Through participatory workshops, the research team identified several potential AI use cases that complement, rather than replace, human-led restorative justice work. These include automating administrative tasks, such as scheduling and record keeping; creating accessible educational resources about restorative practices; analyzing qualitative data from justice circles; and assisting practitioners in post-session reflection. Importantly, none of these applications involve AI directly interacting with affected individuals, an intentional ethical boundary established to prevent the replication of surveillance or coercion often embedded in traditional AI deployments.

By translating abolitionist ethics into measurable AI evaluation metrics, the study introduces a transformative concept known as “value-reflective AI.” This framework calls for systems that do not merely avoid harm but actively reflect the principles of equity, community care, and mutual accountability. The authors argue that value alignment cannot be achieved through technical fixes alone, it requires a fundamental redefinition of what constitutes intelligence, success, and justice in AI systems.

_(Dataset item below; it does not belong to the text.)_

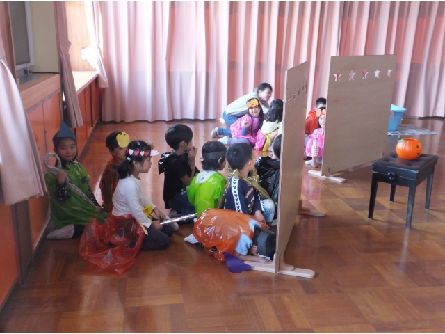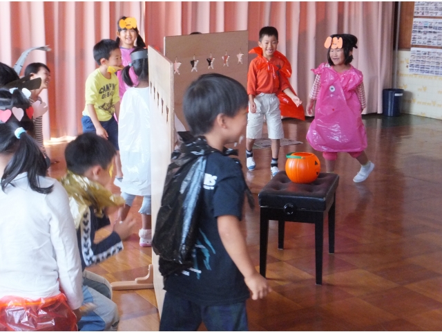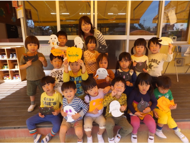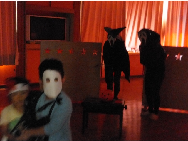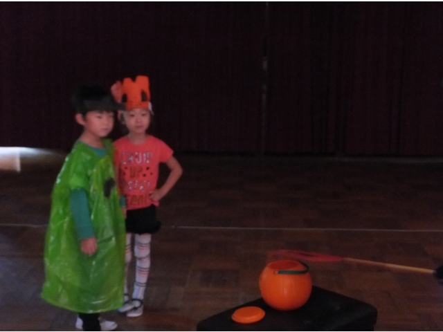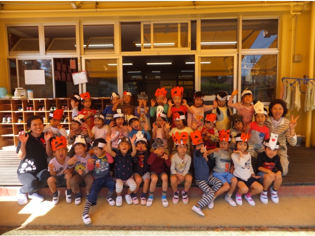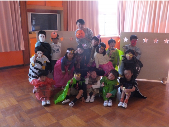 10月28日に子どもたちは自分たちで製作したお面や服で仮装して楽しみました!!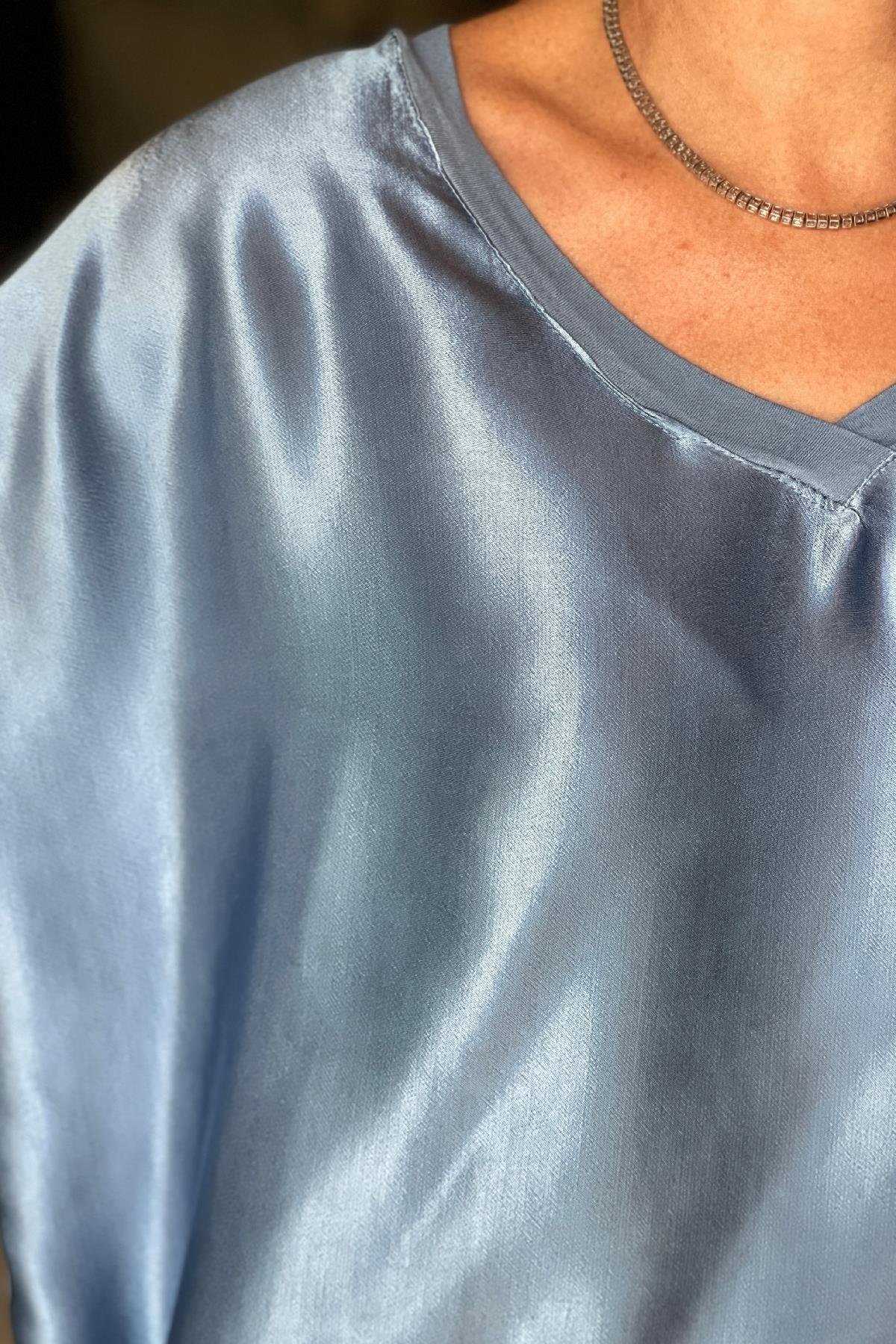 Elena is de ultieme keuze voor speciale gelegenheden of een chique avond uit. De V-hals top voegt een sensueel element toe aan de outfit, terwijl de satijnen afwerking zorgt voor een luxueus gevoel. Samen met de bijpassende broek vormt dit pak een harmonieus geheel dat uw figuur op elegante wijze accentueert. De zachte abrikooskleur versterkt de vrouwelijke charme en voegt een warme, uitnodigende gloed toe aan uw look.

Toward participatory, ethical, and transformative AI design

The study extends beyond conceptual critique to outline a concrete roadmap for restructuring AI development. Its methodology merges participatory design with technical evaluation, offering a replicable model for future justice-oriented technology projects. The researchers propose a multi-phase process: community consultation, co-design, value articulation, AI evaluation, and iterative improvement based on participatory feedback.

In its next phase, the project will develop a Retrieval-Augmented Generation (RAG)–based model trained on abolitionist and restorative justice texts. This domain-specific dataset will enable AI systems to generate contextually grounded, ethically aligned responses informed by real-world justice practices. The team also plans to adapt the concept of Constitutional AI, a model alignment strategy that uses explicit moral frameworks to guide outputs, into an “Abolitionist Constitution,” embedding justice principles at the core of model governance.

The researchers’ participatory sessions revealed another critical insight: trust is as important as accuracy. Many practitioners expressed ambivalence toward AI, citing fears of misuse and data exploitation. By giving communities ownership over design and data governance, the project addresses these concerns directly, reframing AI as a collaborative partner rather than a distant authority. This human-centered co-design process ensures that technology development remains accountable to those it serves, not those who fund it.

The authors also highlight that participatory justice work is emotionally intensive, requiring spaces for reflection and self-regulation, areas where AI can play a supportive, rather than prescriptive, role. By offering tools that facilitate reflection and reduce administrative burden, AI can indirectly enhance human capacity for empathy and care within justice ecosystems.

Rather than optimizing control or productivity, AI should be optimized for healing, equity, and liberation, the study asserts. This shift requires more than technical refinement; it demands a cultural transformation in how researchers, policymakers, and communities envision the role of technology in society.